Precisamente fue Juan J. Luna – fallecido en 2020 por el Covid y que donó al Museo del Prado casi todos sus bienes- quien se convertiría en muy buen amigo mío y me llevaría unos años después a descubrir cómo Claudio de Lorena desarrolló un nuevo concepto plástico para captar el paisaje, ya fuera por la luz y las estaciones. Y sobre todo me enseñó cómo de su paleta sabía trasladar composiciones equilibradas, armónicas, con una evocación bucólica que nos retrotrae a los versos de Virgilio y a una contemplación de la naturaleza, en un estado cercano a la felicidad. Todo esa plenitud alcanzada del natural, junto a arquitecturas, puertos y masas de árboles en el bosque me suscitó curiosidad. Aprendí mucho con Juan Luna sobre el modo de componer y de introducir las figuras, de estudiar la luz y de crear una atmósfera que despertara la ensoñación del espectador.

Desde muy joven Claudio de Lorena se inclinó por el arte y como hicieron muchos jóvenes pintores se trasladó a Roma y más tarde a Nápoles cuando era poco más que un adolescente. En la Ciudad Eterna conoció al pintor italiano, Agostino Tassi, quien le enseñó la tradición del paisaje lírico, clasicista, siguiendo la estela de algunos creadores de las escuelas del Norte. Lorena le cogió el gusto a pintar escenas panorámicas, representando puertos de mar y barcos. En 1625 regresó a Francia con todo este bagaje plástico pero dos años después volvió a Roma, ciudad en la que trabajó el resto de su trayectoria.

Claudio de Lorena.
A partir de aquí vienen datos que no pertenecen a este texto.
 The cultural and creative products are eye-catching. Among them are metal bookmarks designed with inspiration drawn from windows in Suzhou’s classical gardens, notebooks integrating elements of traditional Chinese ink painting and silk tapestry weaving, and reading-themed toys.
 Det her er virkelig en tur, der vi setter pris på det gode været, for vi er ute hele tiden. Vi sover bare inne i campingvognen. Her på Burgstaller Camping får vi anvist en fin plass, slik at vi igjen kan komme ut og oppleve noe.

Paisaje idílico con la huida a Egipto, 1663. Óleo sobre lienzo. 193 x 147 cm. | Museo Nacional Thyssen-Bornemisza, Madrid

A partir de ese momento y con sus dotes de observación, Claudio de Lorena, reflejó un mundo clásico sutil, refinado, siempre tomando como referencia la campiña de Roma o la magia del entorno de la costa napolitana con torreones cercanos al agua del mar, confiriendo amplitud a los elementos que introducía en sus cuadros. Ya fueran arquitecturas clásicas, barcos, escenas religiosas, la luz del amanecer o del atardecer, sus pequeñas figuras siempre estaban al servicio de esas vistas del natural. Supo extraer poesía con sus pinceles y crear una unidad pictórica e imaginativa gracias a esa inspiración que encontraba en su entorno italiano.
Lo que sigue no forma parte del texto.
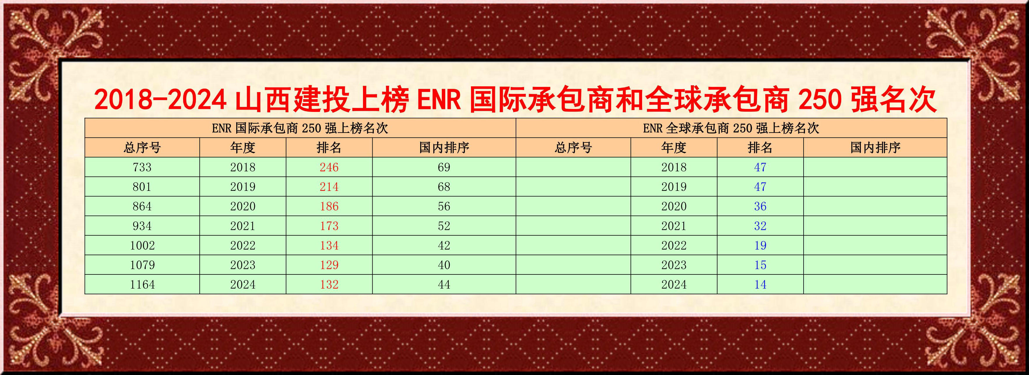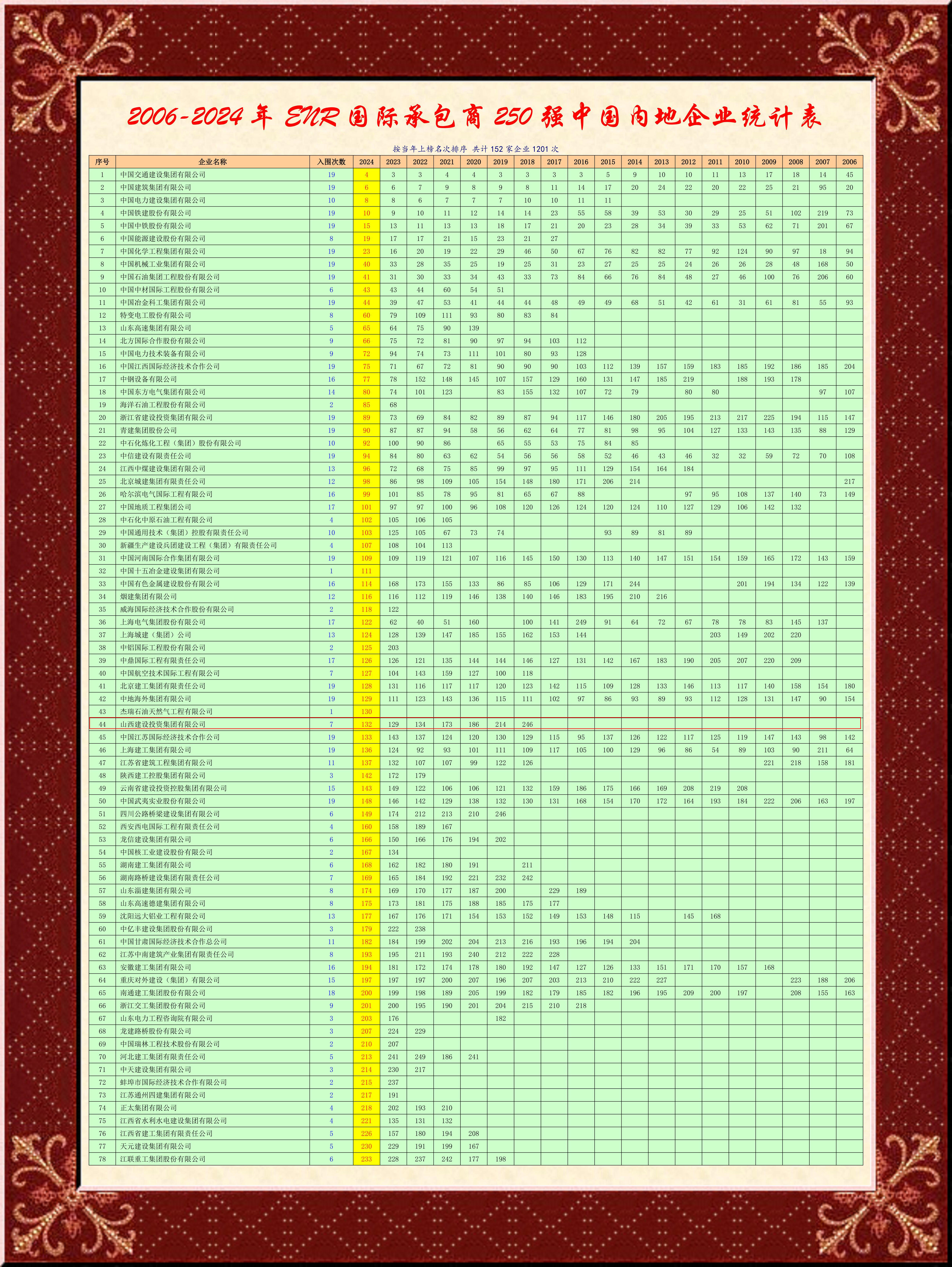 2006-2024年ENR国际承包商250强中国内地企业统计表

Como expresaba al principio de este artículo, la obra de Claudio de Lorena está muy presente en la colección del Museo Nacional del Prado, con algo más de una decena de pinturas y con otra de su último período en el Museo Nacional Thyssen-Bornemisza, comprado por el barón Hans Heinrich Thyssen en 1966. En el caso de las pinturas del Prado abarcan un fértil período creativo, que va desde 1636 a 1644, mientras que Paisaje idílico con la huida a Egipto, propiedad del Thyssen, está datado en 1663.

Se conoce que fue un encargo de uno de sus protectores, Lorenzo Onofrio Colonna. Claudio de Lorena eligió un formato vertical y a ambos lados recreó dos grandes árboles para que las hojas permitieran descubrir la luz, la atmósfera y también una barca con dos figuras y ese característico sol de atardecer. Sitúa la escena nuevamente en un paraje idílico, con ruinas de un templo con un tema ampliamente reproducido como la huida a Egipto, siempre con ese ambiente calmo que desprende la imagen.

Claudio de Lorena. Vado de un río. Hacia 1636. Óleo sobre lienzo, 98 x 131 cm. | Museo Nacional del Prado. Sala 002

Entre las obras propiedad del Museo del Prado y en orden cronológico conviene destacar Vado de un río (1636), en el que el maestro francés vuelve a incluir sobre el fondo de una puesta de sol un puente y un río, como eje para dividir el paisaje. Nuestra vista repara en esos pastores y varios animales, sin olvidar cómo la luz y la naturaleza adquieren todo el protagonismo, algo dramático en este caso, que posteriormente transformó en obras más serenas como Paisaje con Santa María de Cervelló (1637), cofundadora de la orden Mercedaria, a la que representa como una eremita en medio de una naturaleza exuberante, donde no faltan árboles, rocas, ciervos, edificaciones e incluso una población a orillas de un río, todo ello con un ambiente teatral, lo que revelaba una sensibilidad especial a los efectos lumínicos.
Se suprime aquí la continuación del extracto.